On checking: small amounts in expenses are normal; the holder checks it often, so the bank views such transactions as routine.

On savings: larger amounts mean the holder checks less often, so the bank flags these transactions as more suspicious.

We decide for ourselves which accounts to work with. Aim to (try) working with all types. Whether checking or savings doesn't matter—the key is if it allows cashing out.

Both are specialized, meaning they're suitable for our work.

Separately, about pension savings (since I mentioned savings money): in the USA, this is a big topic. There are retirement accounts, various IRS types with subspecies and ecosystems, each with unique conditions. For example, employers automatically contribute to old-age funds, or the holder invests in company shares for retirement.

All money stolen from US accounts is compensated by the Federal Reserve. Any legit financial organization displays an FDIC** or **NCUA badge at the bottom, guaranteeing stolen funds' return.

Our choice of account for draining depends on factors like holder activity, bank, transaction alerts (debits/credits/deposits), and more.

Savings requires careful monitoring. In the USA, federal law limits savings accounts to no more than 6 transactions per month (incoming and outgoing). Micro-deposits (minics) count too (e.g., 2 credits + 1 debit = 3 transactions). We'll cover minics later—for now, know they're small transactions up to $1 to verify attached accounts.

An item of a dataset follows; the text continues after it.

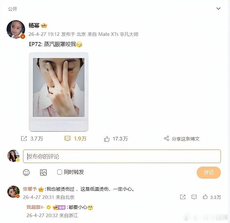 看到杨幂被蒸汽眼罩烫伤我才终于知道为什么张馨予的风评可以一路逆转没有塌房这次杨幂被蒸汽眼罩烫伤张馨予没过多久就评论了贴心提醒杨幂要小心之前和迪丽热巴拍《幸福触手可及》的时候因为迪丽热巴低血糖会给对方准备糖果和温水还会贴心的帮迪丽热巴夹出饭菜里的香菜《奇兵神犬》的时候杨烁恐高、姜潮害怕她都是先行完成动作示范然后又耐心鼓励两个大男人克服心理障碍即便是对李晨这位前男友也从未多说过什么如果娱乐圈颜值是入场券那么人品一定会是常青树更何况她还是国家严选的军嫂大家是从什么时候开始喜欢张馨予的呢?
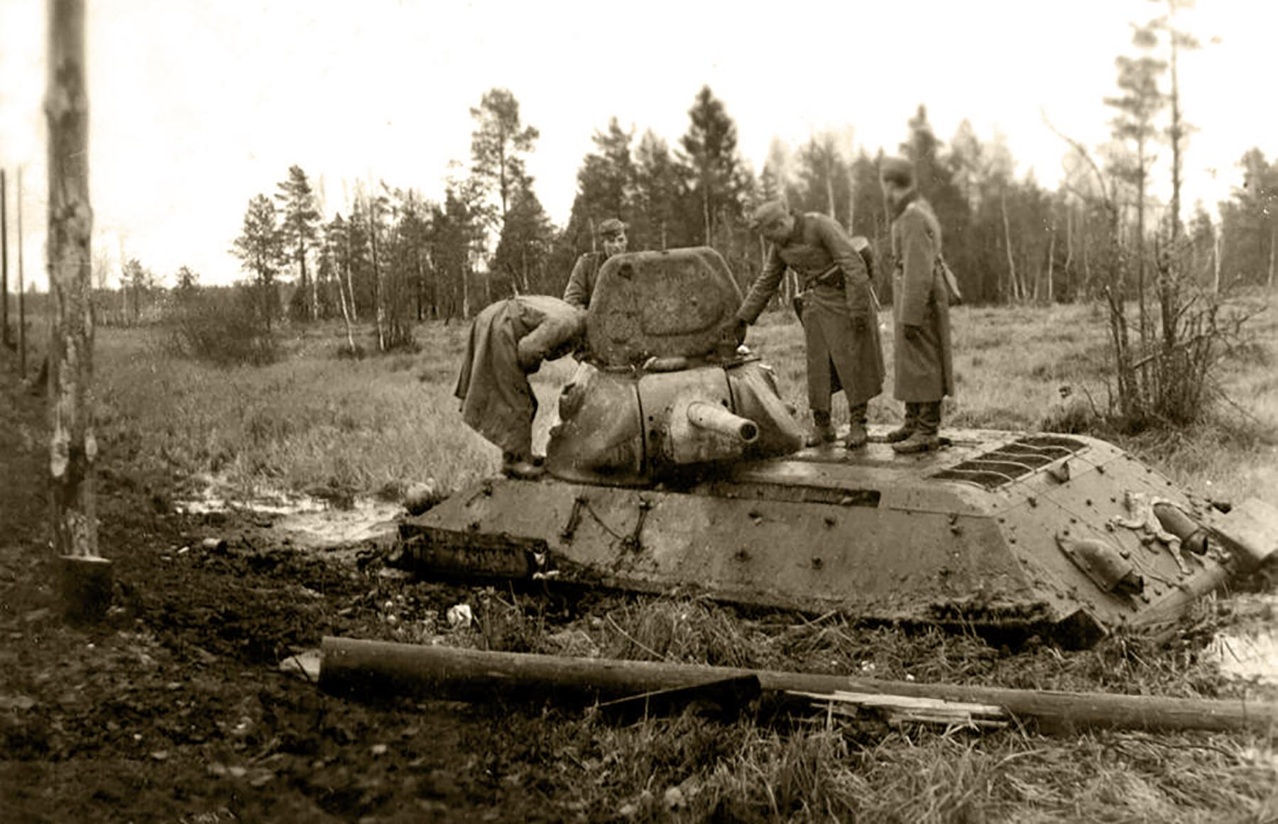 Немецкие солдаты осматривают подбитый т-34

What happens on the 7th transaction? The bank might charge a higher fee, close the account, or call the holder (which we don't want).

First rule of BA work: Always read the bank's FAQ and/or documents. Write it down. Print it. Highlight it in red or bright color for visibility.

They're called Terms and Conditions for banks.

Over 6,000 financial institutions in the US, each with different rules.

No transaction limits on **checking**, though rare cases exist (e.g., business checking). Everything's individual.

Now, other account types.

Most have 4 worth noting: Mortgage, Deposit, Loan, invest (Brokerage).

Mortgage—mortgage account. Shows a normal balance (positive), but you can't withdraw; it's repaid debt.

Deposit—if there's a deposit, money's there logically. Withdrawing or transferring requires an X-event: death, default, birth. Or it's time-locked (e.g., until 2028). Check revocation terms. Problematic, though often large sums.

Loan—credit account, like student loans. Usually targeted: car, house, business. Draining possible but tricky; we skip it here due to pitfalls and limited info.

Invest—brokerage account for buying stocks. In the US, stock brokers are common.

Some US investment firms let you *link non-core accounts. If you can't merge from inside the bank, link to an office allowing external transfers.

Don't confuse CIS Forex with US investment offices—different things. We'll cover investments later.

Holders may have 1–100 accounts.

Holders can assign aliases or names to accounts.

Besides other-bank accounts, **card accounts** ("linked card") attach to BA.

If you've worked with SS and done enrolls, you know card accounts.

Everyone's heard of QIWI or Yandex.Money.

QIWI has an account; you link cards (virtual/physical). Think of QIWI as a BA with attached cards. QIWI data enables full bank transfers.

Conversely, some card access shows transactions but no actions. Not a full BA—just a card account, partial roll, short of enroll (no full details like routing/code). Key difference.

Earlier, "fulka" (full info)—complete person data: full name, address, phone, email, DOB (date of birth), SSN (Social Security Number), sometimes MMN (mother's maiden name).

Example: **WILLIAM CHAMP/11000 GULE BLVD/TREASURE ISLAND/FL/33706/407-44-9880/09.20.1936**.

- WILLIAM CHAMP: full name
- 11000 GULE BLVD: address
- TREASURE ISLAND: city
- FL/33706: state/ZIP
- 407-44-9880: SSN
- 09/20/1936: DOB (US format: month.day.year)

**Details**—info enabling transfers: account data for deposits/withdrawals/invoices. Core: account owner.